Substring with Concatenation of All Words

Substring with Concatenation of All Words

What is this problem about?

This "Hard" rated problem asks you to find all starting indices of substrings in s that are a concatenation of every word in a given list words exactly once. All words in the list have the same length. The order of the words in the substring does not matter. For example, if words is ["foo", "bar"], both "foobar" and "barfoo" are valid substrings. This requires finding "permutations" of the word list within a larger string.

Why is this asked in interviews?

This is a classic question at Apple, Microsoft, and Google. It is a complex application of the Sliding Window and Hash Map patterns. It tests your ability to handle multiple constraints: the words have a fixed length, they must all be used, and they must be contiguous. It's a great test of performance optimization, as a naive approach will be too slow. It also assesses your ability to write clean code for a multi-step logic.

Algorithmic pattern used

The optimal approach uses a Sliding Window with Hash Maps.

1. Create a frequency map of all the words in the words list.
2. Since all words have length L, you can run the sliding window L times, starting at indices 0, 1, ..., L-1.
3. In each pass, you move a window of size len(words) * L.
4. You maintain another hash map of the words found in the current window.
5. If the current word is not in the original map, reset the window.
6. If the current word's frequency exceeds the target frequency, shrink the window from the left.
7. If all words are matched, record the starting index.

Example explanation (use your own example)

s = "barfoobazbitfoobaz", words = ["foo", "baz"] Word length L = 3.

1. Window size = 2 * 3 = 6. Target map: {"foo": 1, "baz": 1}.
2. Pass 1 (start at 0): "barfoo" (invalid), "foobaz" (Valid! Index 3), "bazbit" (invalid).
3. Pass 2 (start at 1): "arfoob" (invalid)...
4. Pass 3 (start at 2): "rfooba" (invalid)... Wait, "foobaz" starts at index 3. Let's check "foobaz" at the end. At index 12, "foobaz" is another match. The results would be [3, 12].

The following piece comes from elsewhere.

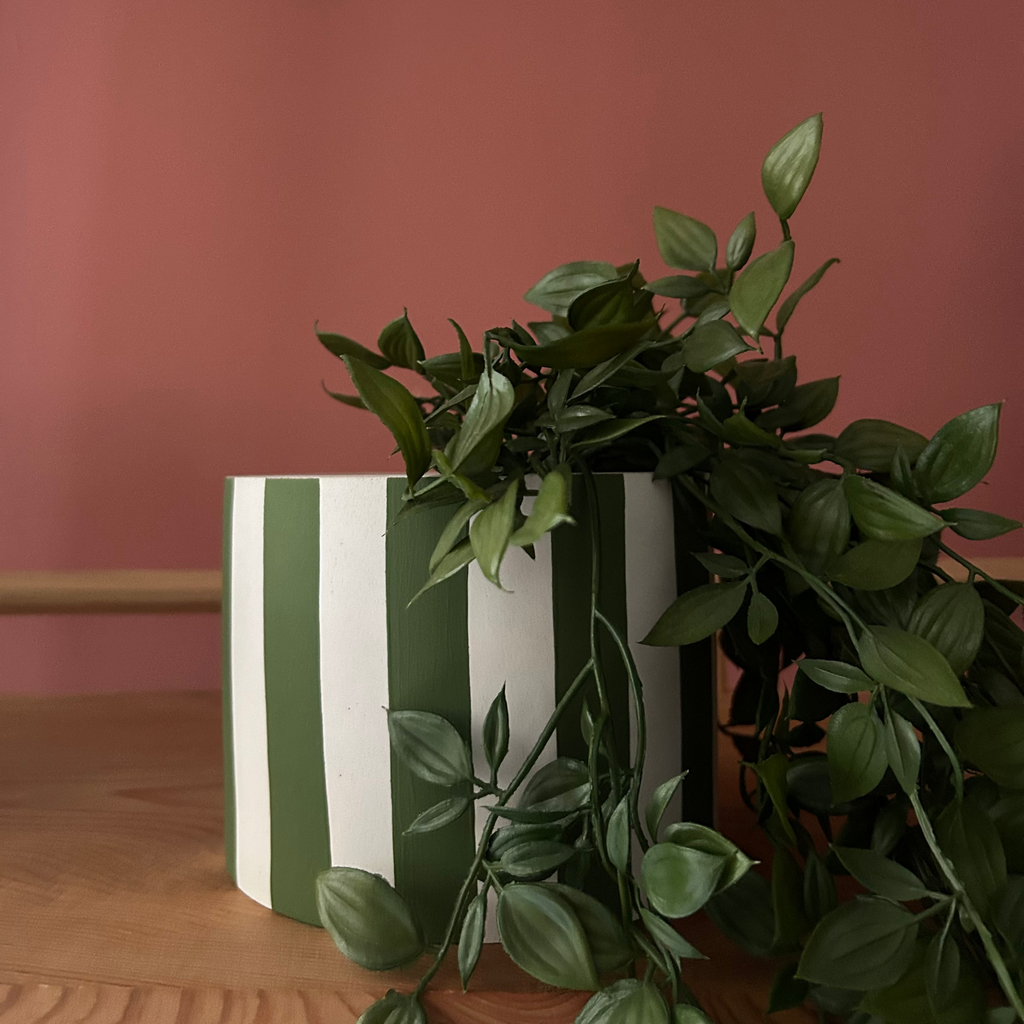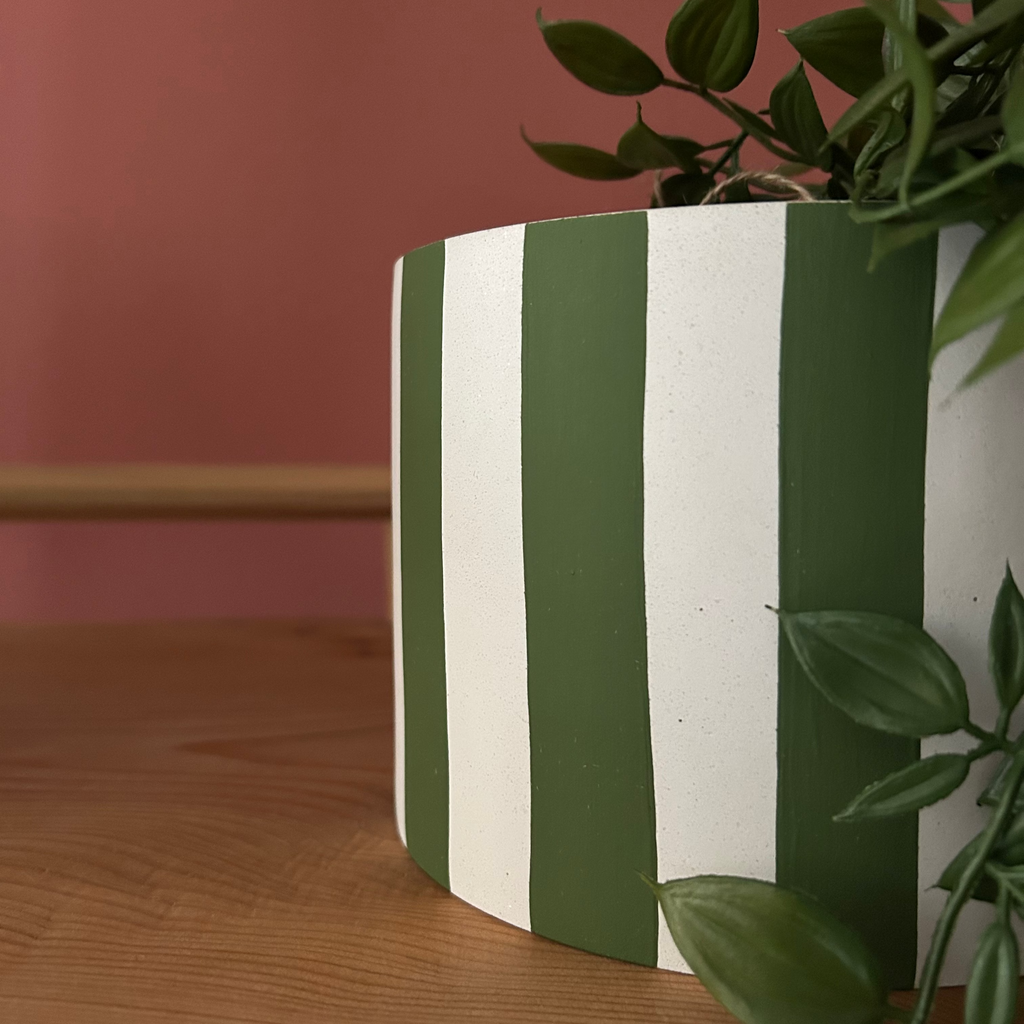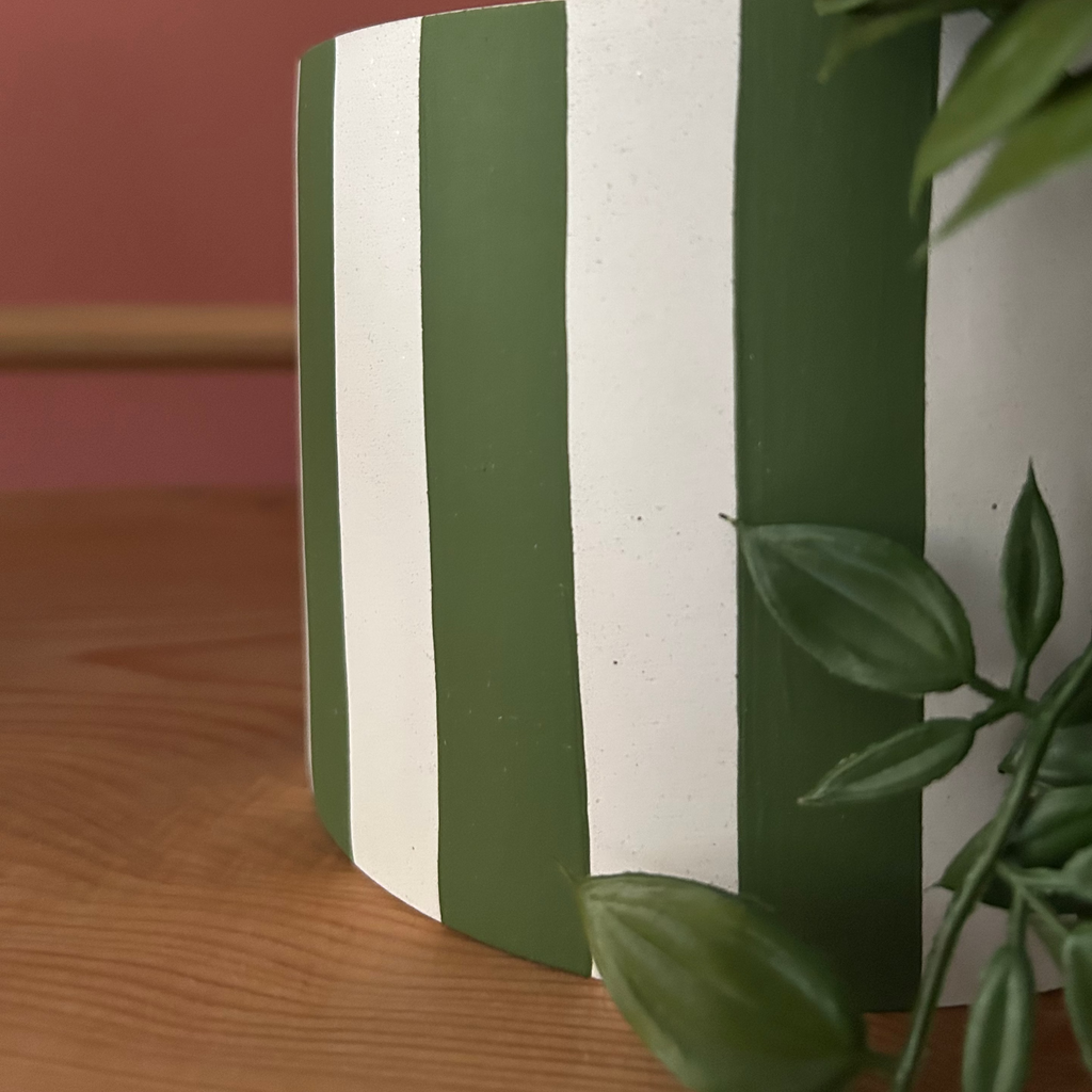 handmade planter using white marble jesmonite, this planter has a warm white and olive green stripe.

Common mistakes candidates make

A common mistake is not running the sliding window L times. Many candidates only run it once from index 0, missing potential matches that start at indices 1 or 2. Another mistake is recreating the hash map for every single window, which is very inefficient. Instead, you should add and remove words from a single hash map as the window slides. Finally, failing to handle cases where the string s is shorter than the total length of all words is a common edge case error.

Interview preparation tip

To master the Substring with Concatenation of All Words interview pattern, focus on the "Sliding Window with a Step" logic. The fact that all words are the same length is the key piece of information—use it! Explain to your interviewer how you are using the hash map to keep track of the "remaining words" needed for a match.